Лида удивленно воззрилась: не только Никифор, но и она не узнавала сегодня Анку. Положительно, с ней что-то происходит. — Что ж! Если ты сама хочешь — пожалуйста, — согласилась практичная Лида.
Томадил Орлов. Разлив пахнущую сивухой самогонку, провозгласил:
— Пьём, друзья, за Октябрь! Хай живе Радянська Батькивщина!
— До Октябрьской годовщины еще две недели, — заметила Зоя. — Седьмого ноября отметим.
— А я знаю, что будет со мной через две недели? Лучше заранее отметить, и душа успокоится, — сказал Орлов.
— Тогда, — заметила Лида язвительно, — и день рождения справляй на год вперед. Гарантия!
— А что ж! Идея.
После первого тоста разговор еще более оживился. За столом царила безыскусственная атмосфера, свойственная молодежным вечеринкам. Здесь не вино веселит, оно служит поводом для веселья.
Постепенно, как это бывает на всякой вечеринке, компания разбилась на группы.
— Станешь со временем пьяницей: ты пьешь не морщась, — выговаривала Лида Семену.
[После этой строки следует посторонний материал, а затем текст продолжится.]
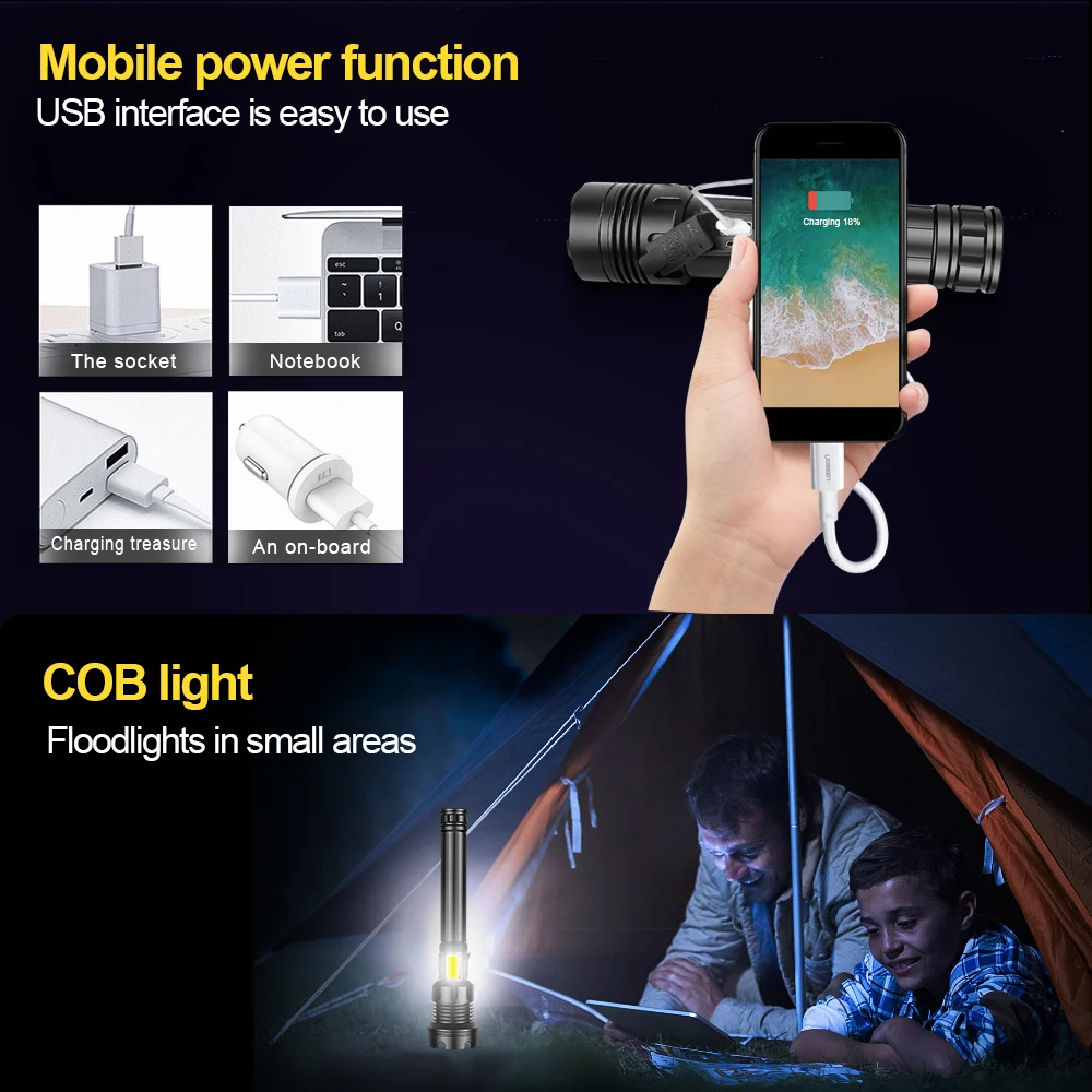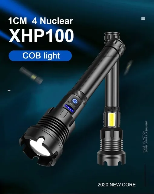 ※ Мы ориентируемся на качество продукции и обновления. Предоставление покупателям новейших и высококачественных продуктов-наша цель обслуживания. Поэтому мы разработали фитиль XHP100 + COB для этого фонарика, который является самым мощным и ярким фитилем в AliExpress году. Его яркость выше вашего воображения. Он использует аккумулятор 2*18650 или 2*26650, дальность освещения более 1000 метров, подходит Предупреждение о походе, скалолазании, строительстве, ходьбе, обслуживании дома, поиске и rescu и т. д., фонарик XHP100 имеет 7 режимов, пожалуйста, проверьте информацию о продукте!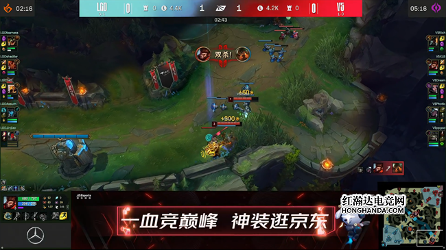 23分钟V5众人推进中路二塔,LGD从侧面突袭想要发起团战,天使和塔姆第一时间保下队友,随后展开反打0换3击溃LGD,推掉中路二塔以后拿下了大龙Buff。25分钟V5已经大兵压境推进下路高地,拆塔的瞬间开团摧毁了LGD的防线,随后一路平推拿下比赛胜利,恭喜V5 2:0战胜LGD!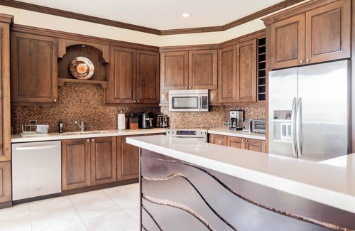 - Kitchen: Fully equipped with high-end appliances, ice maker, mini fridge, breakfast bar with stools, small bar table with ocean views.

— …Здесь мы стоим, а здесь немцы, — водил Орлов пальцем по столу, поглядывая попеременно то на Анку, то на Зою, которые сидели по обе стороны от него. Зоя добросовестно вникала в стратегию, а Анка только делала вид, что слушает, на самом же деле все её внимание было приковано к Никифору.
— Как по-мордовски здравствуй? — спрашивала у Никифора Наташа.
— Шумбрат.
— Гм! — шевелила белесыми бровями Наташа, и на лбу у нее возникали и разглаживались крохотные складочки-морщинки. — Шумбрат — здравствуй! Я запомню. Звучное слово.
— На всех языках «здравствуй» звучит хорошо, — вмешался Орлов, видя, что вниманием его слушателей завладел Никифор.
— Не на всех языках оно есть, — заметила Зоя, — Немцы говорят «гутен таг», «гутен морген»-добрый день, доброе утро. И французы — так. Американцы вместо приветствия спрашивают «мак монэй?» — как делаешь деньги? А мы, приветствуя человека, желаем ему не только доброго утра, доброго вечера или побольше денег — мы желаем ему здоровья и долгих лет хорошей жизни. А ведь это самое большое, чего можно пожелать. Здравствуй! Это значит: будь здоров навсегда!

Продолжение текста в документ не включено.